→ Stored data:
*****

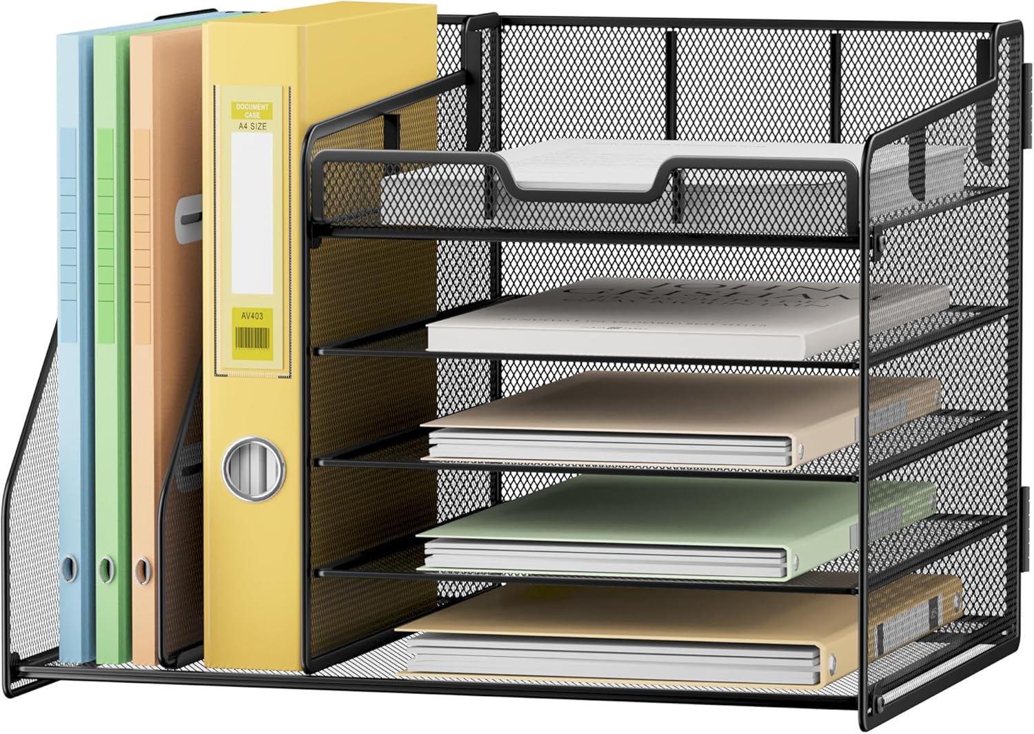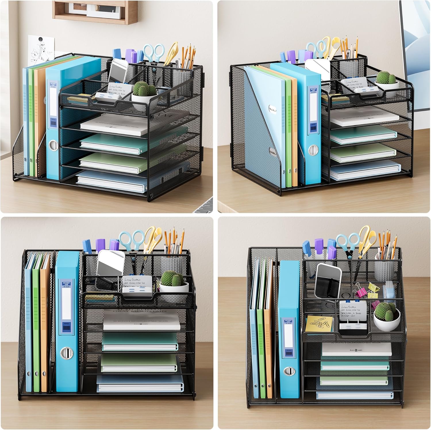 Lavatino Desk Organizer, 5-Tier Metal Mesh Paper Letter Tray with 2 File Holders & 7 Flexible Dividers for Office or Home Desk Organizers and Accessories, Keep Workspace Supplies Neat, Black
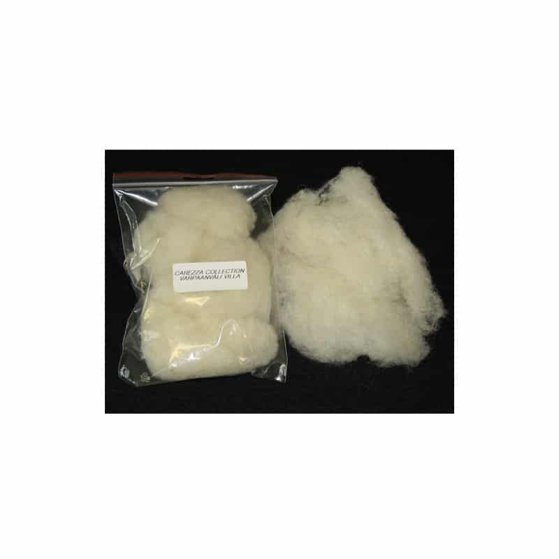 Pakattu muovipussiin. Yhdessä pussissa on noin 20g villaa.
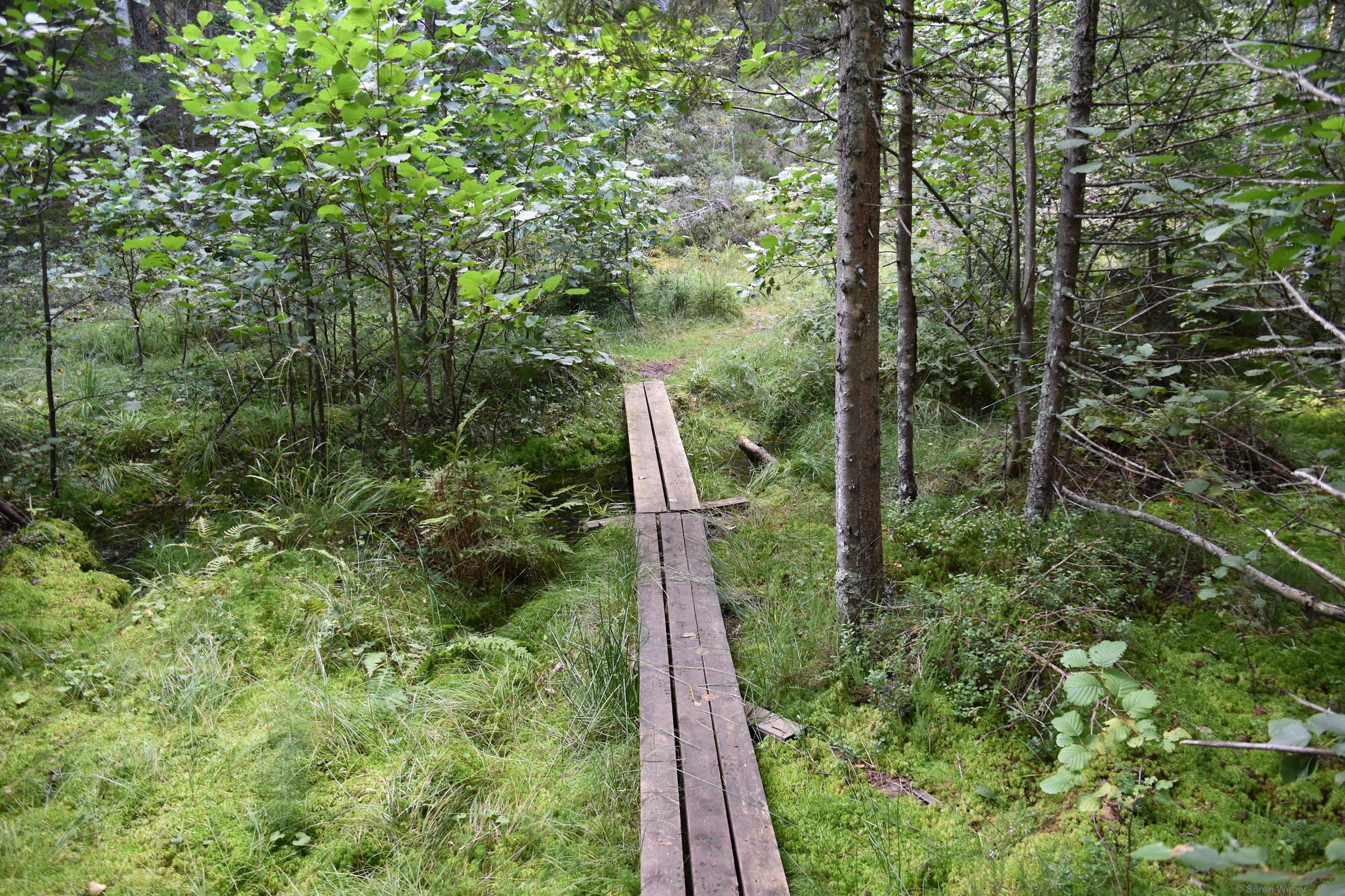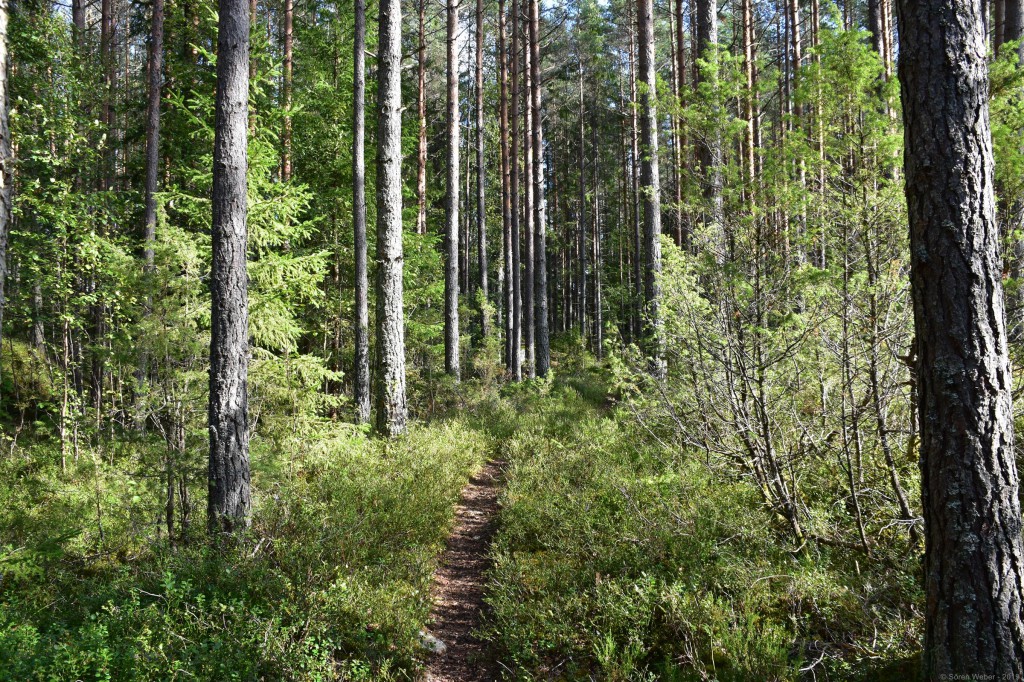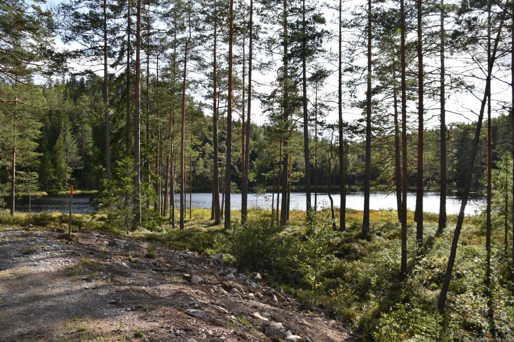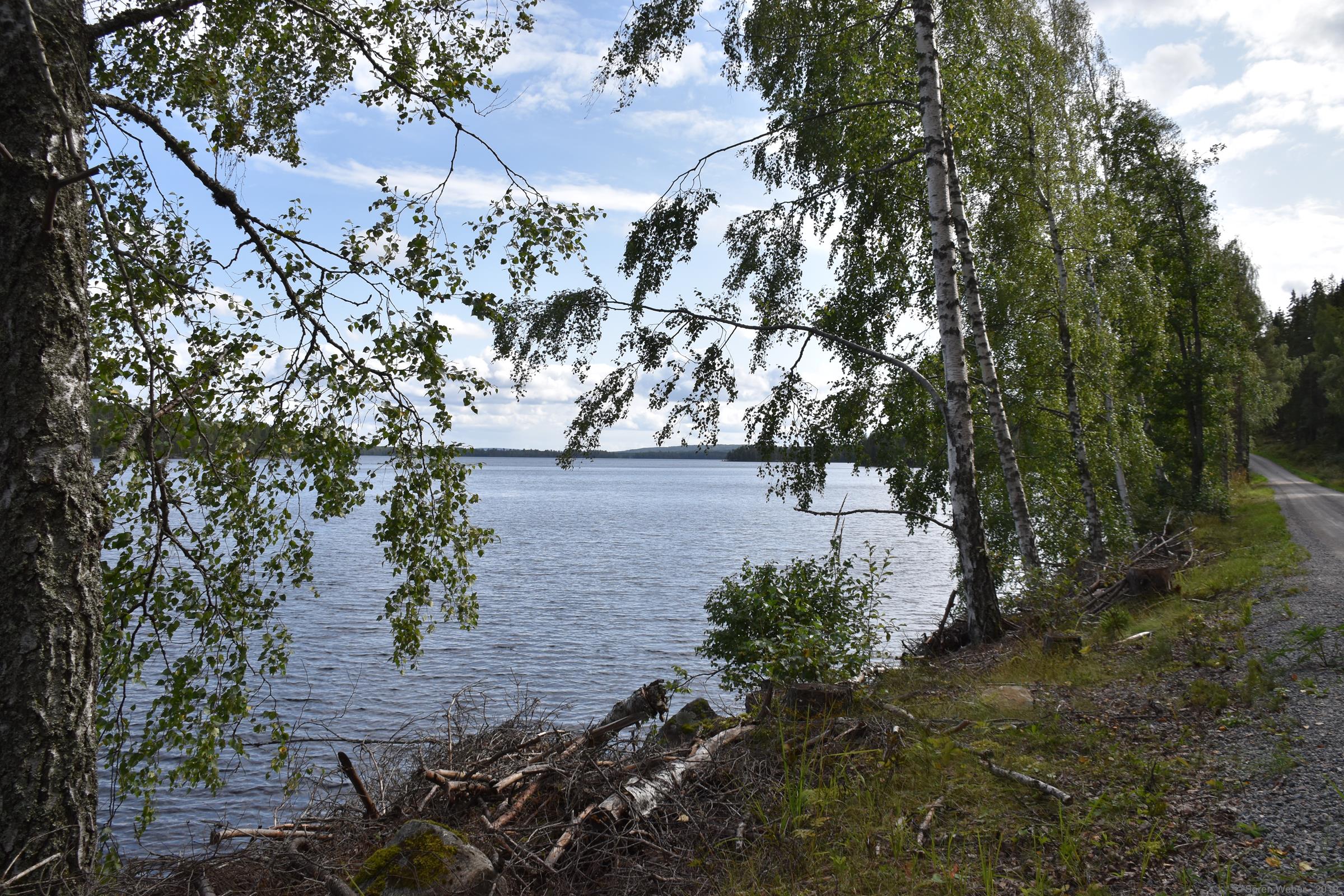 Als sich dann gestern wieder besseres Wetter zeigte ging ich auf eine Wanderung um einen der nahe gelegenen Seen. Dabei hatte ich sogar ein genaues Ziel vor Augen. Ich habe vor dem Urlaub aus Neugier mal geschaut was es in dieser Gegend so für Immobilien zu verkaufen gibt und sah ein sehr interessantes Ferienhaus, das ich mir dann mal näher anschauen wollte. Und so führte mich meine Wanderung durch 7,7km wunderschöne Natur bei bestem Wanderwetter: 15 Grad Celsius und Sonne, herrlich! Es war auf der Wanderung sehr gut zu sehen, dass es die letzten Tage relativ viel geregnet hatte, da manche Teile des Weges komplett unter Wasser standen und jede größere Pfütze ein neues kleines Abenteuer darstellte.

*****

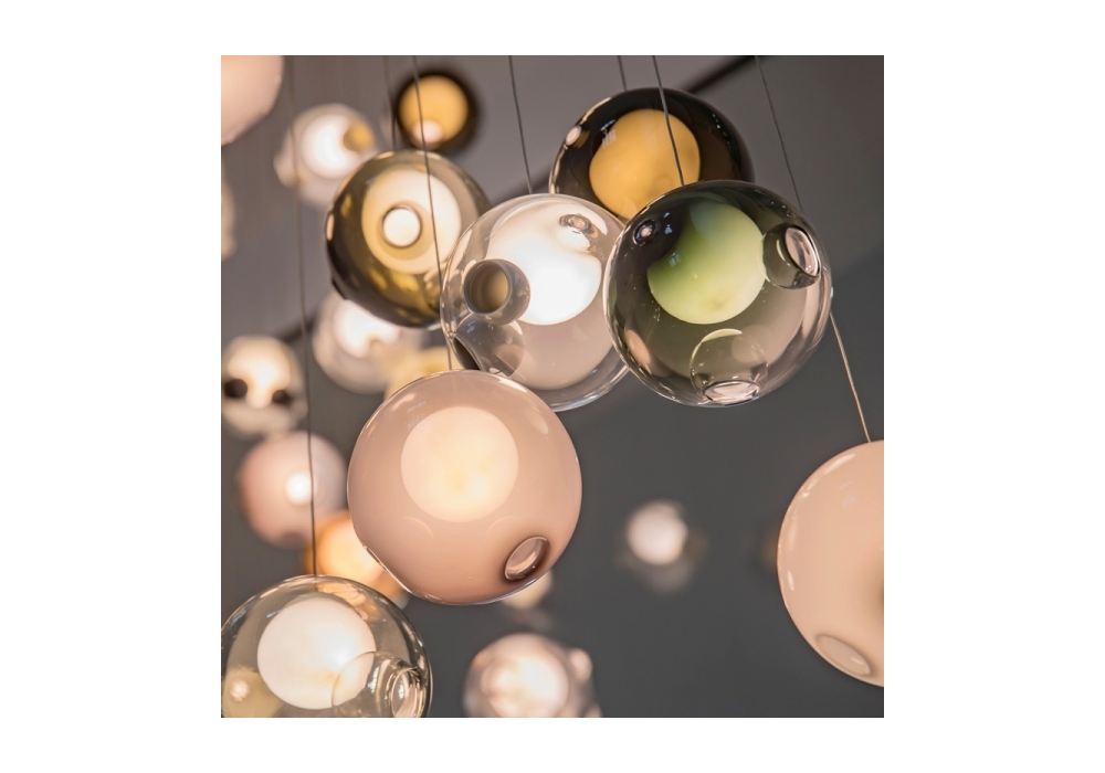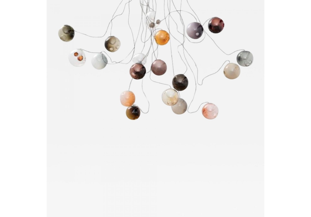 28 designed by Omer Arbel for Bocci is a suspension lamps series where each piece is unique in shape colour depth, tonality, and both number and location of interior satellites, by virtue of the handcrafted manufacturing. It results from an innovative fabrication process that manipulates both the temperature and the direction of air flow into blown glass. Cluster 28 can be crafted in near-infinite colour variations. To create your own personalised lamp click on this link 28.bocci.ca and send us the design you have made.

*****

→ Exercise objective: Set down exactly the lines above, from the line containing "Lavatino Desk Organizer, 5-Tier" through the line containing "Pakattu muovipussiin. Yhdessä". Skip the pictures.

→ Response area:
 Lavatino Desk Organizer, 5-Tier Metal Mesh Paper Letter Tray with 2 File Holders & 7 Flexible Dividers for Office or Home Desk Organizers and Accessories, Keep Workspace Supplies Neat, Black
 Pakattu muovipussiin. Yhdessä pussissa on noin 20g villaa.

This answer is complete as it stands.